[Date Prev][Date Next][Thread Prev][Thread Next][Date Index][Thread Index]
Update on tree-sitter structure navigation
From: |
Yuan Fu |
Subject: |
Update on tree-sitter structure navigation |
Date: |
Fri, 1 Sep 2023 22:01:54 -0700 |
Hey guys,
In the months after wrapping up tree-sitter stuff in emacs-29, I was thinking
about how to implement structural navigation and extracting information from
the parser with tree-sitter. In emacs-29 we have things like
treesit-beginning/end-of-defun, and treesit-defun-name. I was thinking maybe we
can generalize this to support getting arbitrary “thing” at point, move around
them, and getting information like the name of a defun, its arglist, parent of
a class, type of an variable declaration, etc, in a language-agnostic way.
Also, at the time, we only support defining things by a regexp matching a
node’s type, which is often not enough.
And it would be nice to somehow take advantage of the tree-sitter queries for
the features I mentioned above. Tree-sitter query is what every other editor
are using for virtually all tree-sitter related features. But in Emacs, we
mostly only use it for font-lock.
Here’s the progress as of now:
- Functions like treesit-search-forward, treesit-induce-sparse-tree,
treesit-thing-at-point, treesit--navigate-thing, etc, support a richer set of
predicates now. Besides regexp matching the type, the predicate can also be a
predication function, or (REGEP . FUNC), or compound predicates like (or PRED
PRED) or (not PRED).
- There’s now a variable treesit-thing-settings, which holds definition for
things. Then, instead of passing the predicate to the functions I mentioned
above, you can save the predicate in treesit-thing-settings under a symbol, say
‘sexp', and pass the symbol instead, just like thing-at-point.el. (We’ll work
on integrating with thing-at-point.el later.)
- I can’t think of a good way to integrate tree-sitter queries with the
navigation functions we have right now. Most importantly, tree-sitter query
always search top-down, and you can’t limit the depth it searches. OTOH, our
navigation functions work by traversing the tree node-to-node.
- There’s no progress on getting information like name and type, etc, in a
language-agnostic way. I haven’t come up with a good interface and/or
implementation. I encourage interested folks to give it some thought. Bonus
points for reusing the query files neovim folks has accumulated :-)

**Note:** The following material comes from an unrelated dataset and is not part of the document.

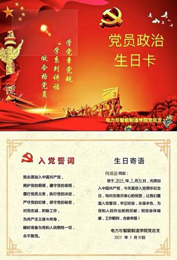 作為電力與智能制造學(xué)院云浮校區(qū)的一名輔導(dǎo)員何成迎,5月30日上午,收到了學(xué)院黨組織發(fā)的“政治生日”賀卡,心情特別興奮。五載時(shí)光如水流逝,卻清晰記得2019年那個(gè)五月的日子,當(dāng)我在黨旗下莊嚴(yán)宣誓,那一刻,黨的崇高理想便如種子般在我心中扎下了根。如今,在學(xué)院輔導(dǎo)員崗位上迎來我的政治生日,重溫誓詞,再撫初心,感到這不僅是個(gè)人信仰的刻度尺,更是一份沉甸甸的責(zé)任記。

Some other things on the TODO list that people can take a jab at:
- Query-based indentation (neovim’s implementation can be a source of
inspiration)
- Improve c-ts-mode (indentation styles, other cc-mode features, etc) and other
tree-sitter modes
- Solve the grammar versioning/breaking-change problem: tree-sitter grammar
don’t have a version number, so every time the author changes the grammar, our
queries break, and loading the mode only produces a giant error.
- Major mode fallback/inheritance, this has been discussed many times, no good
solution emerged.
- Isolated ranges. For many embedded languages, each blocks should be
independent from another, but currently all the embedded blocks are connected
together and parsed by a single parser. We probably need to spawn a parser for
each block. I’ll probably work on this one next.
Finally, feel free to send me an email or send to emacs-devel and CC me, if
there are things treesit.c and treesit.el can do better, or when there are nice
things in neovim and other editors and Emacs ought to have, too.
Yuan